European Analogies to the 1920s and 30s

The slow motion train wreck that is the Eurozone continues to roil bond markets, banks and governments. The complex issues involved cannot be described, yet alone adequately explained, in this short piece but bear with me.
Economic activity is still contracting in much of Europe including the UK, Spain, Portugal, Greece, Iceland, Ireland and, quite possibly, France. To a greater or lesser degree all of these countries are pursuing policies of reduced spending, especially on health, education, welfare and retirement and government employment. In the UK and France this punishment is self-inflicted and relatively mild.
In the remaining countries the cutbacks have been more severe as a result of various bailout terms imposed by European authorities and the International Monetary Fund, or implicitly dictated by the bond market. Or, as the unflinchingly capitalist Financial Times put it in a recent editorial: “European leaders [do not] grasp that states and economies – not senior bondholders – must be kept safe from teetering banks… Instead they are strong-arming the periphery into bailing out savers in the core and the reckless banks they entrusted their savings to.”

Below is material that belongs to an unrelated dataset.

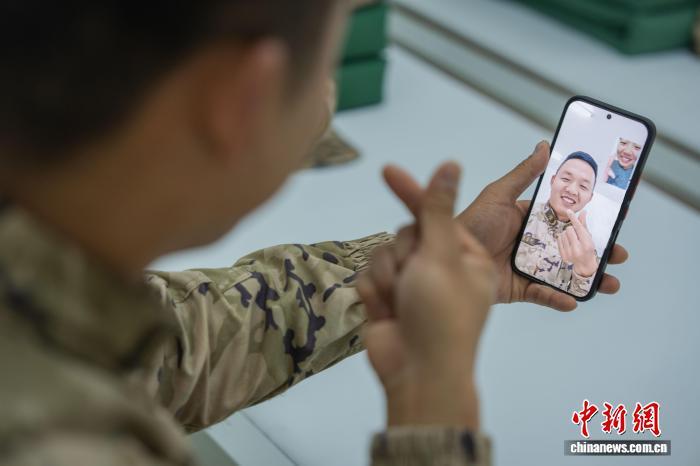 圖為武警官兵與家人通話。戴申澳 攝

In these peripheral countries unemployment is already around twenty-percent of the labor force. National income is falling rapidly with the inevitable result that the ratio of government debt to total income is increasing. A falling economy means falling tax revenues and some increases in public welfare expenditures no matter how determined these governments may be to limit spending. In addition, interest rates on these countries’ bonds continue to rise as the prospect of an eventual default (or restructuring, which is a polite and civilized default) rise by the day. Those higher interest rates, like every other consequence of the wrong-headed policies of a fractious European leadership, only intensify the problem they purportedly set out to solve.
The unavoidable outcome will be an eventual default or restructuring of these countries’ debts as their commitment to continue cutting or their ability to obtain more outside assistance comes to an end.